(Data extracted from a collection)
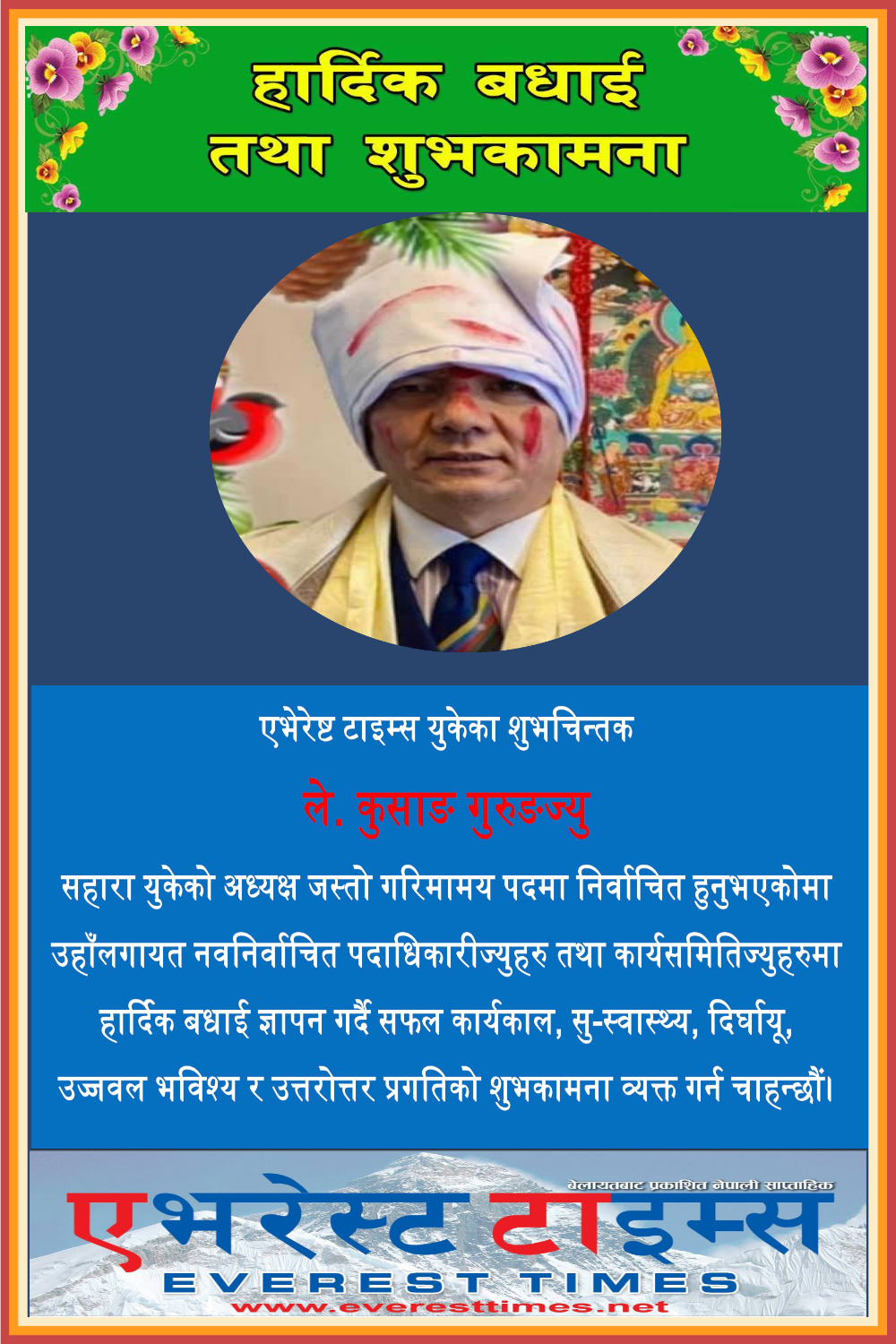 एभेरेष्ट टाइम्स युकेका शुभचिन्तक ले. कुसाङ गुरुङज्यु सहारा युकेको अध्यक्ष जस्तो गरिमामय पदमा निर्वाचित हुनुभएकोमा उहाँलगायत नवनिर्वाचित पदाधिकारीज्युहरु तथा कार्यसमितिज्युहरुमा हार्दिक बधाई ज्ञापन गर्दै सफल कार्यकाल, सु-स्वास्थ्य, दिर्घायू, उज्जवल भविश्य र उत्तरोत्तर प्रगतिको शुभकामना व्यक्त गर्न चाहन्छौं।
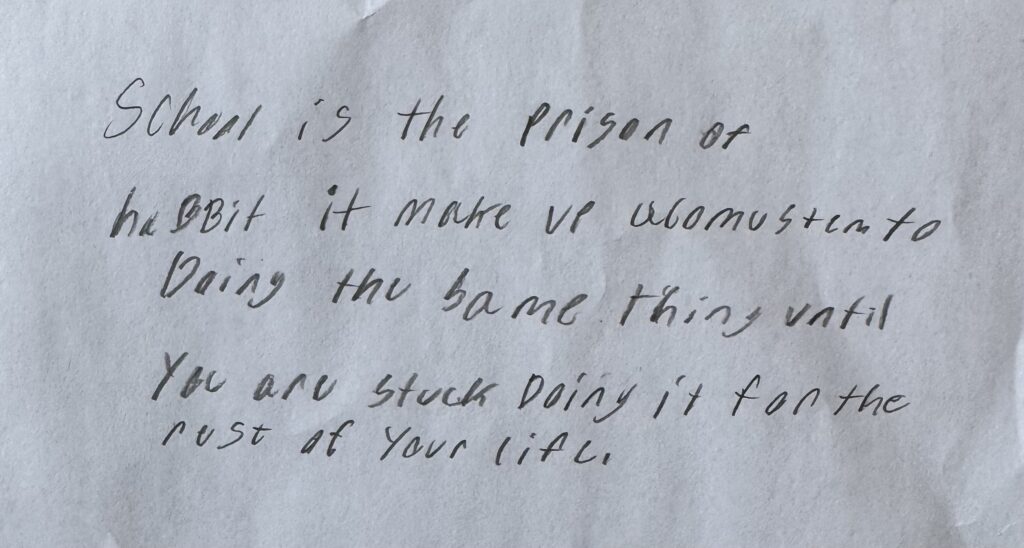 What’s best for kids is not different from what’s best for adults. Like adults, children want to be respected. They want their dignity. They need purpose and agency to feel motivated. They don’t thrive in an environment that is physically inactive, informationally repetitive, routinely predictable, and stifling. Certainly not people in the adolescence stage of development whose curious minds are built for discovering their identity and where they fit into the world.
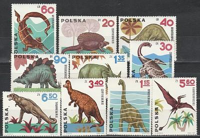 Польша 1965 год. Динозавры. 10 марок. НАКЛЕЙКИ
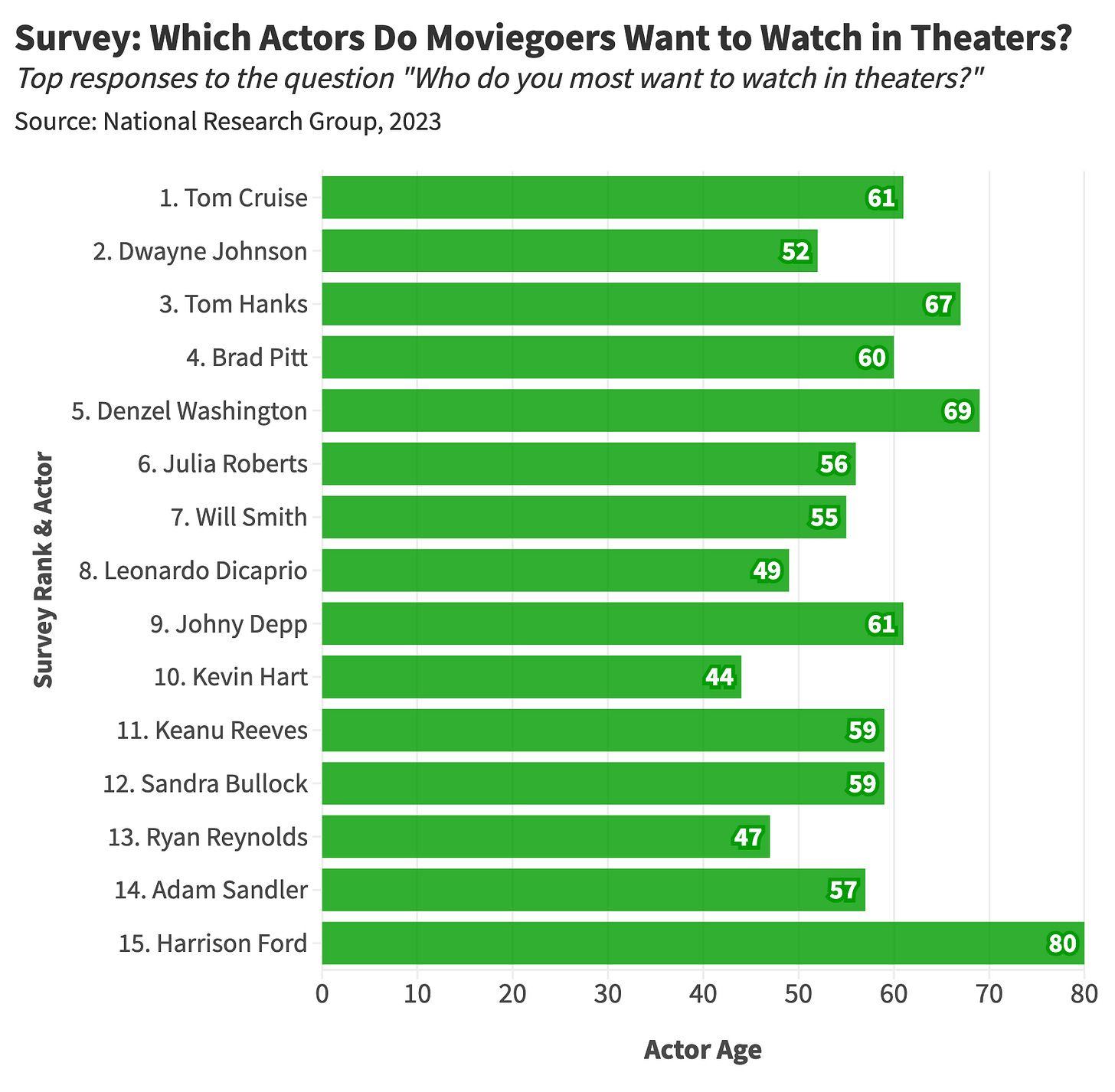 In late 2023, a survey conducted by the National Research Group asked consumers, “Which actor do you most want to see in theaters?” The results were remarkable: not a single actor in the top 15 was under 44. Unsurprisingly, these findings threw the entertainment industry into a (minor) existential crisis.
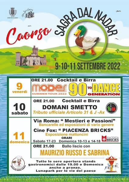 Sagra Dal Nadar 2022 a Caorso dal 9 all’11 settembre. Durante la manifestazione si potrà gustare l’anatra arrosto, varie specialità e divertirsi con musica e luna park
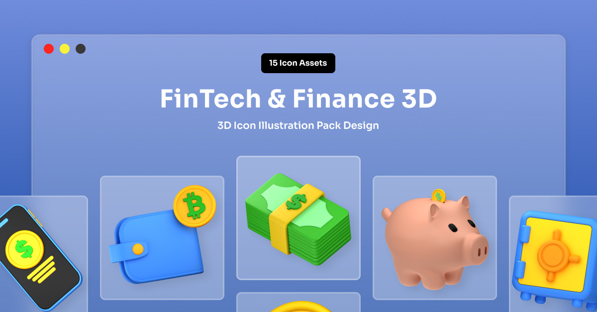 Modern 3D icons for fintech and digital banking. Perfect for apps, dashboards, and presentations with a clean, trustworthy, and professional look. **Highlights:** – 15 unique 3D assets – Fully editable color in Blender – Well-organized layers – High Resolution PNG (3000 x 3000 px) – Ready-to-use transparent icon **Includes Files:** …

**Task to carry out:**
Please transcribe exactly the part of the records that opens with the line containing "In late 2023, a" and closes with the line containing "Sagra Dal Nadar", both ends included, and leave out the pictures.

**Response to this exercise:**
 In late 2023, a survey conducted by the National Research Group asked consumers, “Which actor do you most want to see in theaters?” The results were remarkable: not a single actor in the top 15 was under 44. Unsurprisingly, these findings threw the entertainment industry into a (minor) existential crisis.
 Sagra Dal Nadar 2022 a Caorso dal 9 all’11 settembre. Durante la manifestazione si potrà gustare l’anatra arrosto, varie specialità e divertirsi con musica e luna park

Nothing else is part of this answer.